EXERCISE PROMPT>
Copying rule for the data below: pictures stay out, and only the lines from the one with "円相図のシリーズは時間と空間" down to the one with "香港新聞網4月23日電 就香", inclusive, are repeated exactly.

RECORDS SHOWN>
-- Opening Marker --

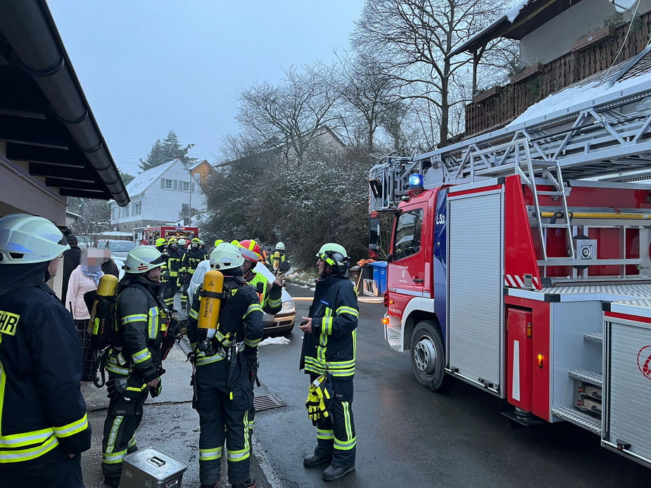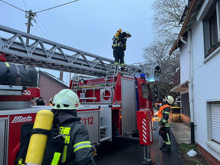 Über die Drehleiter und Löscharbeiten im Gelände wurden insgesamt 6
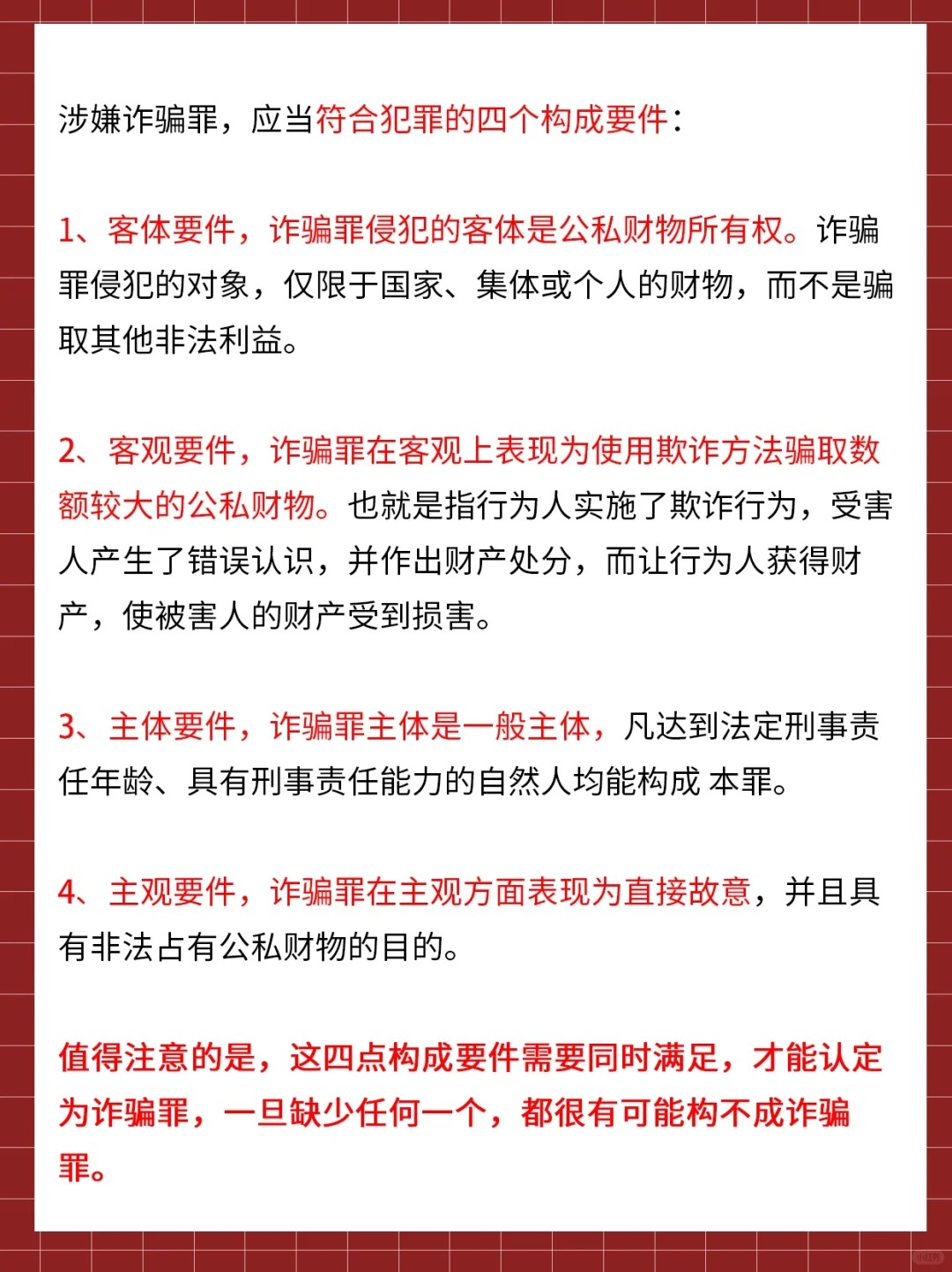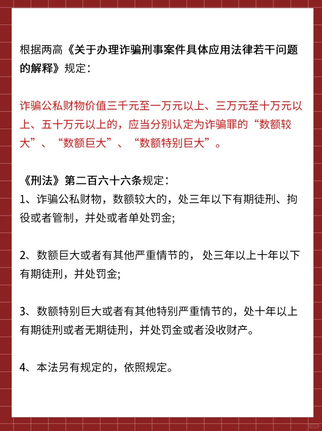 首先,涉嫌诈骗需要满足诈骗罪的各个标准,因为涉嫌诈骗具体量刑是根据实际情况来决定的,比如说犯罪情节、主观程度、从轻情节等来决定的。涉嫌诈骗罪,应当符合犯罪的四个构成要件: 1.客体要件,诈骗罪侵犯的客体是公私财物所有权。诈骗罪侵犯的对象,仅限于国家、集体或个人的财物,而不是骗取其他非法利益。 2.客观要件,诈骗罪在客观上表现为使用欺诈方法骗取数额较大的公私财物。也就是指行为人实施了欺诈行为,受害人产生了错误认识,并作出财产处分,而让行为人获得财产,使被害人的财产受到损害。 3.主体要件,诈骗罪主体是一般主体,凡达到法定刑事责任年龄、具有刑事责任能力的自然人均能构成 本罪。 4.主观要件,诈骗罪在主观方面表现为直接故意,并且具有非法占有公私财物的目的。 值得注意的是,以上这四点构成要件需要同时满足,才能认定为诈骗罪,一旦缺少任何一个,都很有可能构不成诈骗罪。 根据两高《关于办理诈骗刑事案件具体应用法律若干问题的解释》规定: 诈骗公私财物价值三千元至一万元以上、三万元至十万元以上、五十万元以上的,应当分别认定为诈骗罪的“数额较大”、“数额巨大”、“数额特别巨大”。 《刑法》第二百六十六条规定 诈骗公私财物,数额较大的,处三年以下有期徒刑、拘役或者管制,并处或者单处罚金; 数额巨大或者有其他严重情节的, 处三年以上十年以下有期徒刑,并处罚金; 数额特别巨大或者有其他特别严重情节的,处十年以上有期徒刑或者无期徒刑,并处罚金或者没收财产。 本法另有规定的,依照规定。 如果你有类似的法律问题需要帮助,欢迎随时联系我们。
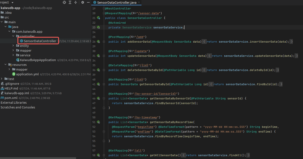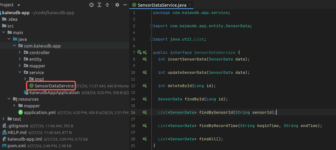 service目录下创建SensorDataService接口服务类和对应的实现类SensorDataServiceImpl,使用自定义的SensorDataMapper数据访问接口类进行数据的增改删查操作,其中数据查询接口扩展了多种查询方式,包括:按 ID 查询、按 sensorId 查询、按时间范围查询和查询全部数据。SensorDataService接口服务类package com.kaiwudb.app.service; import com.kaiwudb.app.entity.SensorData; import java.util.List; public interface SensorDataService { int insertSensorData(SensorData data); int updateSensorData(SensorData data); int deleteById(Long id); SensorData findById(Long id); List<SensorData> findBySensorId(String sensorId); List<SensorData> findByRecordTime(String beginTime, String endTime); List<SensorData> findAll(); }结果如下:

-- Closing Marker --
-- Opening Marker --

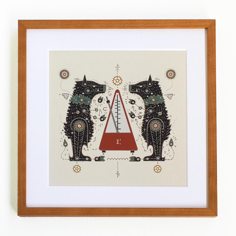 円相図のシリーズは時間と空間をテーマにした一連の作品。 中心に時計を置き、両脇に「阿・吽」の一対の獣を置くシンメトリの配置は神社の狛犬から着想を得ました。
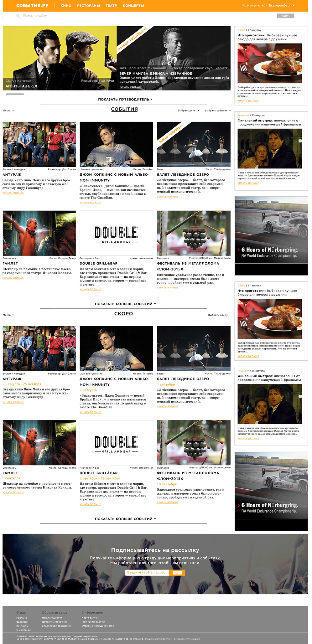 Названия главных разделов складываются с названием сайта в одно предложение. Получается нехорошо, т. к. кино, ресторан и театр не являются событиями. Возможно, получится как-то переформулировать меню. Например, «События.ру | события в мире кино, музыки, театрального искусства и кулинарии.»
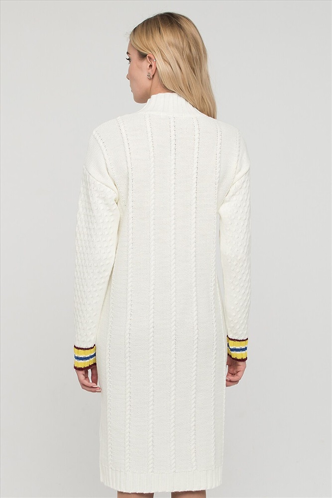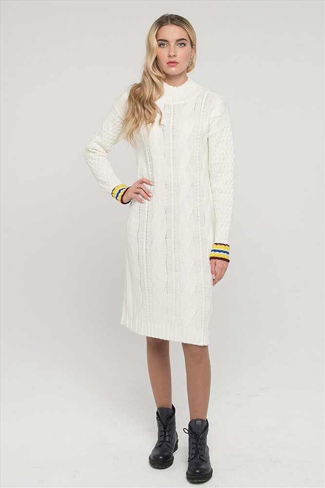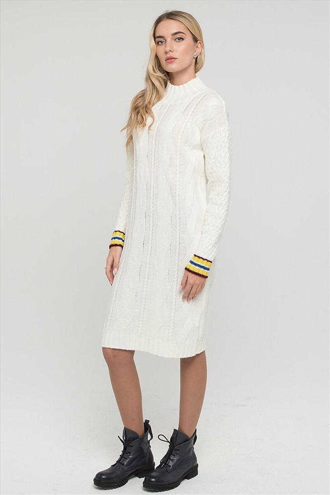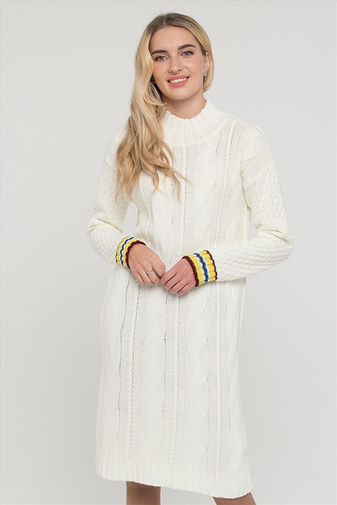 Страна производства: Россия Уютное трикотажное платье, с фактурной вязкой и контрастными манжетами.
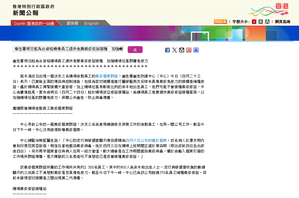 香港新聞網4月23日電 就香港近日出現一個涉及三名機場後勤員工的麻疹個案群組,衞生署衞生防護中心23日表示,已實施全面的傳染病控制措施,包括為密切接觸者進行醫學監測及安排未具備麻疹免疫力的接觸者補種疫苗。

-- Closing Marker --

TASK OUTPUT>
 円相図のシリーズは時間と空間をテーマにした一連の作品。 中心に時計を置き、両脇に「阿・吽」の一対の獣を置くシンメトリの配置は神社の狛犬から着想を得ました。
 Названия главных разделов складываются с названием сайта в одно предложение. Получается нехорошо, т. к. кино, ресторан и театр не являются событиями. Возможно, получится как-то переформулировать меню. Например, «События.ру | события в мире кино, музыки, театрального искусства и кулинарии.»
 Страна производства: Россия Уютное трикотажное платье, с фактурной вязкой и контрастными манжетами.
 香港新聞網4月23日電 就香港近日出現一個涉及三名機場後勤員工的麻疹個案群組,衞生署衞生防護中心23日表示,已實施全面的傳染病控制措施,包括為密切接觸者進行醫學監測及安排未具備麻疹免疫力的接觸者補種疫苗。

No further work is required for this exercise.